IEEE Trans Pattern Anal Mach Intell. 2011 Dec;33(12):2368-82. doi: 10.1109/TPAMI.2011.131. Epub 2011 Jun 30.
While there has been a lot of recent work on object recognition and image understanding, the focus has been on carefully establishing mathematical models for images, scenes, and objects. In this paper, we propose a novel, nonparametric approach for object recognition and scene parsing using a new technology we name label transfer. For an input image, our system first retrieves its nearest neighbors from a large database containing fully annotated images. Then, the system establishes dense correspondences between the input image and each of the nearest neighbors using the dense SIFT flow algorithm [28], which aligns two images based on local image structures. Finally, based on the dense scene correspondences obtained from SIFT flow, our system warps the existing annotations and integrates multiple cues in a Markov random field framework to segment and recognize the query image. Promising experimental results have been achieved by our nonparametric scene parsing system on challenging databases. Compared to existing object recognition approaches that require training classifiers or appearance models for each object category, our system is easy to implement, has few parameters, and embeds contextual information naturally in the retrieval/alignment procedure.

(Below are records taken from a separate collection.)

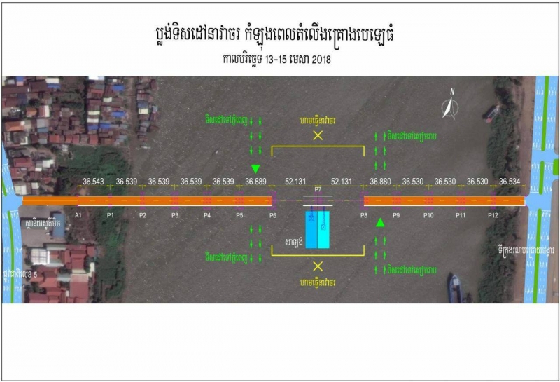 Phnom Penh City Municipality warned all boat operators not to travel under the middle part of the iron bridge during April 13 to 16 as the installation of the last two bridge body parts will take place during that period.
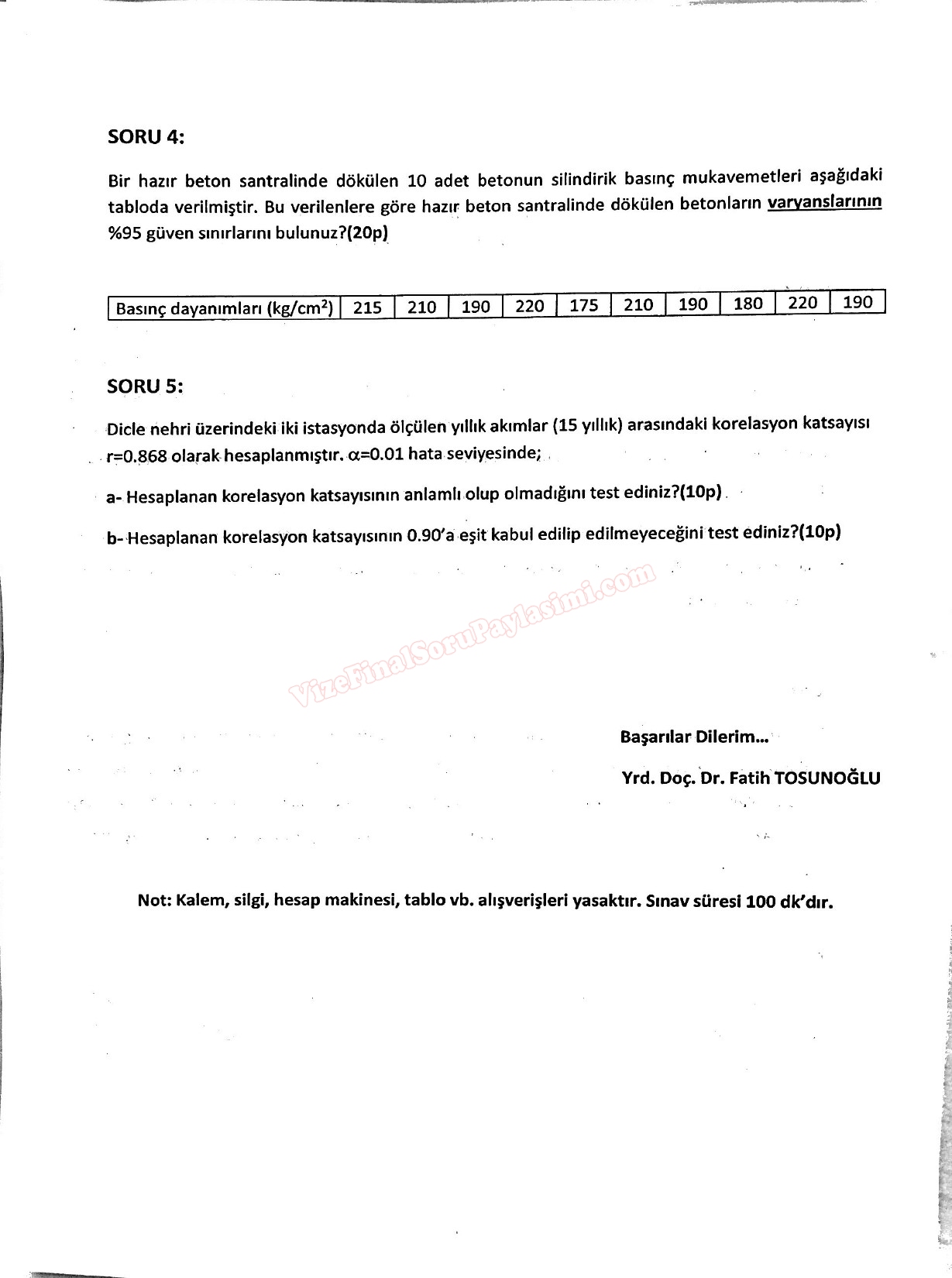 Olasılık ve İstatistik Vize Soruları 28-11-2016, 16:00
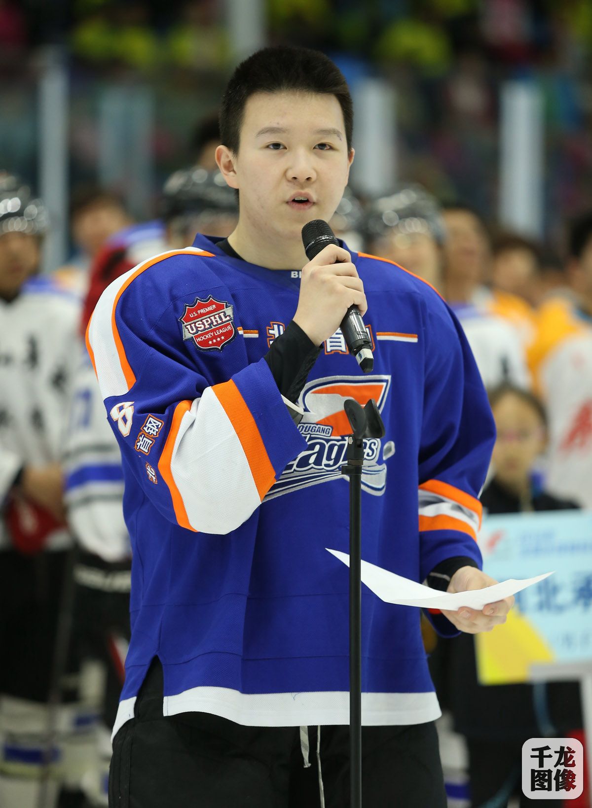 5月7日,2018年全国冰球锦标赛开幕式在奥众冰球运动俱乐部举行。来自全国的28支队伍将参加本次比赛,包括北京首钢冰球队(男队)和北京女子冰球队。这是冬奥会进入“北京周期”后首次在京举行的全国性冰雪赛事,也是全国冰球锦标赛历史上规模最大的一届比赛。图为运动员代表英如镝宣誓。千龙网记者 戚连民摄
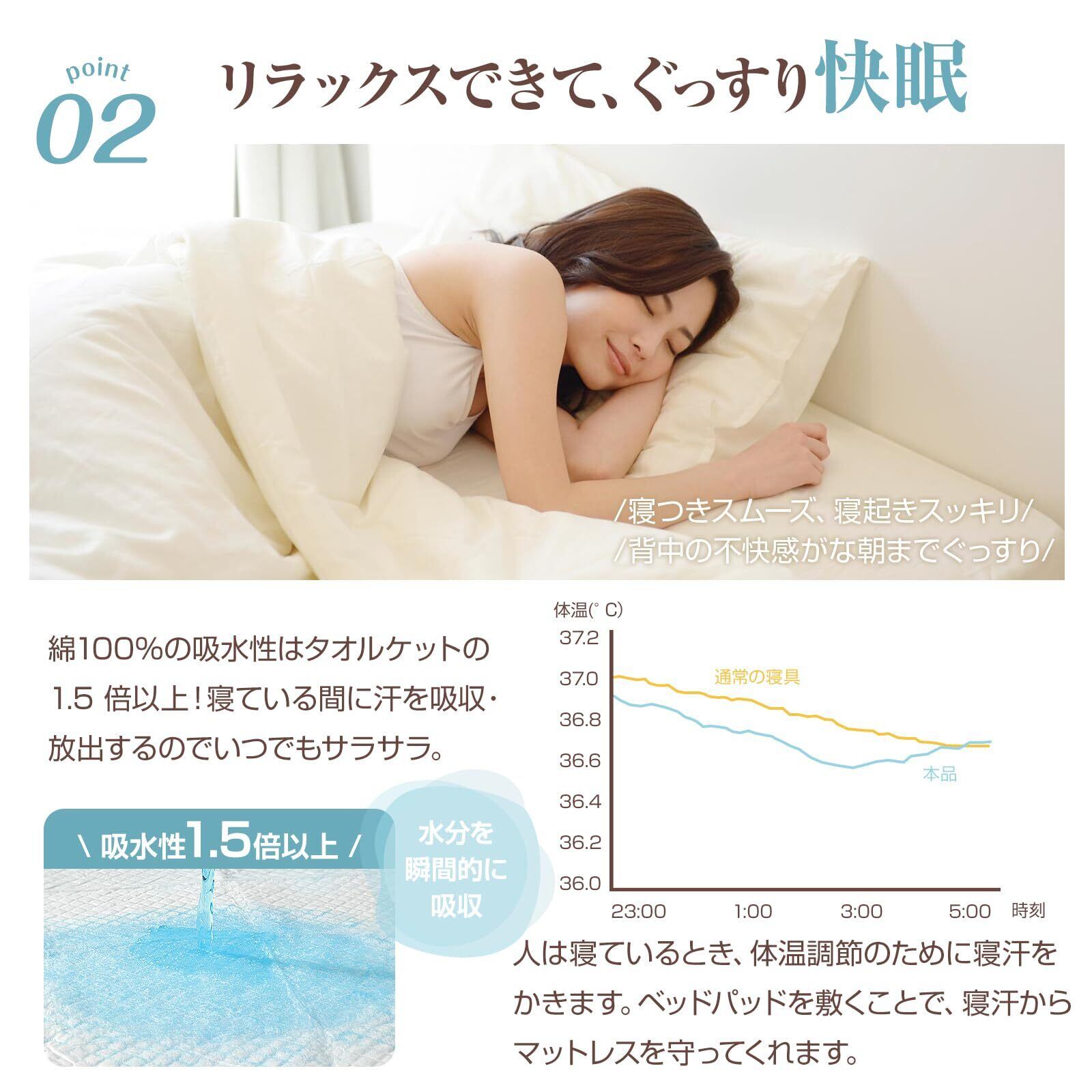 【敷きパッド・商品情報】サイズ:シングル・100x200cm;表地:天然素材綿100%;中綿:ポリエステル・抗菌防臭帝人(TEIJIN)綿含み【中棉約160g/㎡】;裏地:ポリエステル100%;仕様:四隅ゴムバンド付き。【天然素材・綿100%】直接肌に触れる天然素材の綿100%を採用
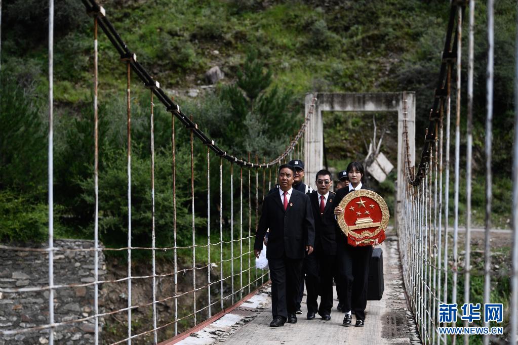 8月7日,班瑪縣人民法院工作人員在林區(qū)懸掛國徽,布設(shè)巡回法庭。新華社記者 張龍 攝
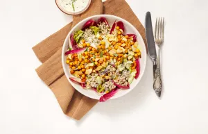Meng de boekweit, het groentemengsel en de bleekselderij bij de dressing. Schep voorzichtig de wit- en roodlof door de boekweit.
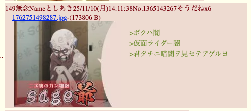 | … | 341無念Nameとしあき25/11/11(火)16:42:56No.1365381516そうだねx2 1762846976753.png-(90197 B) >仮面ライダー闇 |
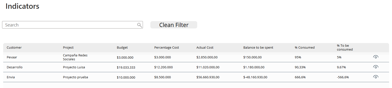 The screen is created in the same way as in point 2.2.1 but the columns will be filters by project, with the following columns:

虽然最近在对象识别和图像理解方面已经有了很多工作,但重点一直是仔细为图像、场景和对象建立数学模型。在本文中,我们提出了一种新颖的、基于非参数的方法,用于使用我们称之为标签传输的新技术进行对象识别和场景解析。对于输入图像,我们的系统首先从包含完全注释图像的大型数据库中检索其最近邻。然后,系统使用密集 SIFT 流算法[28]在输入图像和每个最近邻之间建立密集对应关系,该算法基于局部图像结构对齐两幅图像。最后,根据从 SIFT 流获得的密集场景对应关系,我们的系统对现有注释进行变形,并在马尔可夫随机场框架中集成多个线索,以分割和识别查询图像。我们的非参数场景解析系统在具有挑战性的数据库上取得了令人鼓舞的实验结果。与需要为每个对象类别训练分类器或外观模型的现有对象识别方法相比,我们的系统易于实现,参数少,并在检索/对齐过程中自然地嵌入上下文信息。